Mrs. Speckle was standing looking at her tea tray. The teapot was steaming, but the empty plate was staring back at her. This was a bad business. She looked again at her knitted watch. Three seconds to peppermint tea time, two, one: Just as the second hand hit the teapot on her watch face, in walked Theodore P. Goodman. “Hello, Mrs. Speckle,” said the detective, marching through the kitchen. “I'll take tea in my study, thank you.”
“Right away, Mr. Goodman,” said Mrs. Speckle, picking up the tray. “The thing is—”
“And so will I,” said Wilma, waltzing through after him.
“Hold it right there, young lady!” said Mrs. Speckle, startled.
Wilma turned and held up the corn crumble. “It's fine, Mrs. Speckle. I come with a biscuit. Thank you.”
“Corn crumble?” asked Theodore, mustache twitching. “Although I'm sure Mrs. Speckle has plenty. All the same, a corn crumble is a corn crumble.”
“Never go detecting on an empty stomach, eh, Mr. Goodman?” Wilma trilled. “Top tip number ten, Mrs. Speckle,” she added.
“Well, I never,” said Mrs. Speckle giving a little huff to register her disapproval. But Wilma had gotten her out of a potentially awkward biscuitbased disaster and for that, reluctantly, she was grateful.
 
Walking into Theodore P. Goodman's study was like Christmas squared. There were too many things for Wilma to look at and she was so overexcited that all she could do was twirl on the spot to take it all in. “Ooooh,” she said, coming to a sudden stop. “That made me feel a bit sick. Like when Michael Lamb—he was at the Institute and smelled of sprouts—spun me around by my arms when I was six.
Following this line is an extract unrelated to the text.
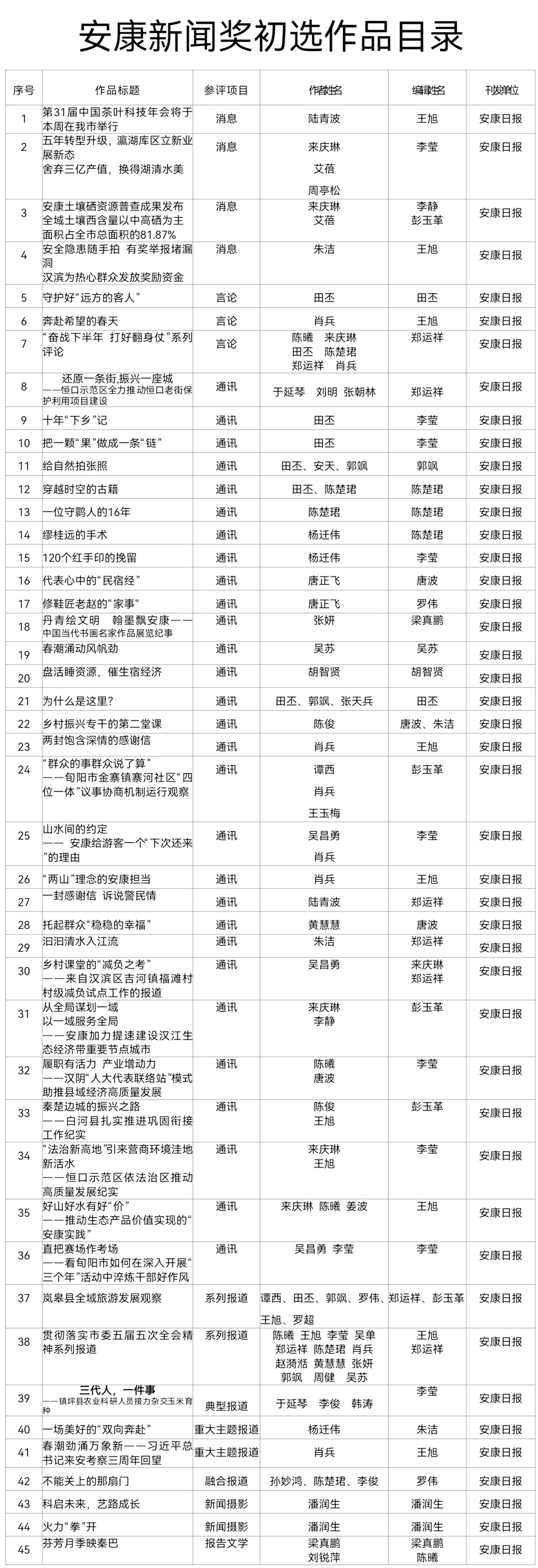 經(jīng)過3月20日編委會推薦、社黨委研究決定,擬推薦以下45件新聞作品參評2023年度“安康新聞獎(jiǎng)”。公示時(shí)間從2024年3月21日至2024年3月27日,公示期5個(gè)工作日。如有不同意見,請向安康日報(bào)社機(jī)關(guān)紀(jì)委、新聞管理部反映。

I threw up on his foot.”
“Very nice, I' m sure,” said Mrs. Speckle, frowning as she watched the corn crumble in Wilma's hand. “I'll just take that biscuit, shall I?” she added, giving the girl a stern look.
But Wilma was far too distracted to notice and bounced over to a wall with diagrams, pictures, and pins all over it. “What's this?” she asked, waving the precious corn crumble in its direction.
“That,” said the detective, standing up and reaching for the biscuit, “is my Clue Board. Crimes are like puzzles. Each clue, on its own, might reveal the answer, but a lot of clues can help you piece the problem together. So this Clue Board helps when it comes to mysteries so deep they're quite hard to fathom.”